What is needed
When a line below contains the word "with", copy that line.

=== Data supplied ===

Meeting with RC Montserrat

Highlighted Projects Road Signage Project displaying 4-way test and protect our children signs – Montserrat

===
=== Data supplied ===

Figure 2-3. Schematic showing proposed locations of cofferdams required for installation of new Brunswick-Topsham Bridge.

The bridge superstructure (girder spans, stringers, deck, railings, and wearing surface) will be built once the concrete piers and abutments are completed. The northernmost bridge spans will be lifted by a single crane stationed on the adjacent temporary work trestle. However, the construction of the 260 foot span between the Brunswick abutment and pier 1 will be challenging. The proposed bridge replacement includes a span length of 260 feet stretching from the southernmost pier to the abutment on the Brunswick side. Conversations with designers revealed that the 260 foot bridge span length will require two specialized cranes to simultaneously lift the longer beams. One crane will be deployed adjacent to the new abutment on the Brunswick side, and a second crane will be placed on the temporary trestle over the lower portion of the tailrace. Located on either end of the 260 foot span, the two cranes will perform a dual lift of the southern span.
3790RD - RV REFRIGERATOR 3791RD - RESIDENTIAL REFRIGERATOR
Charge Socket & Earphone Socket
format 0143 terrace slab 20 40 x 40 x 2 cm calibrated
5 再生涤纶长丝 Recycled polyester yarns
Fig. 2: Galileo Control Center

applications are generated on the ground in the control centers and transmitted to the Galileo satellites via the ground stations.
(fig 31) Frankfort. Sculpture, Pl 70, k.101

===

Solution to the exercise
Meeting with RC Montserrat
The bridge superstructure (girder spans, stringers, deck, railings, and wearing surface) will be built once the concrete piers and abutments are completed. The northernmost bridge spans will be lifted by a single crane stationed on the adjacent temporary work trestle. However, the construction of the 260 foot span between the Brunswick abutment and pier 1 will be challenging. The proposed bridge replacement includes a span length of 260 feet stretching from the southernmost pier to the abutment on the Brunswick side. Conversations with designers revealed that the 260 foot bridge span length will require two specialized cranes to simultaneously lift the longer beams. One crane will be deployed adjacent to the new abutment on the Brunswick side, and a second crane will be placed on the temporary trestle over the lower portion of the tailrace. Located on either end of the 260 foot span, the two cranes will perform a dual lift of the southern span.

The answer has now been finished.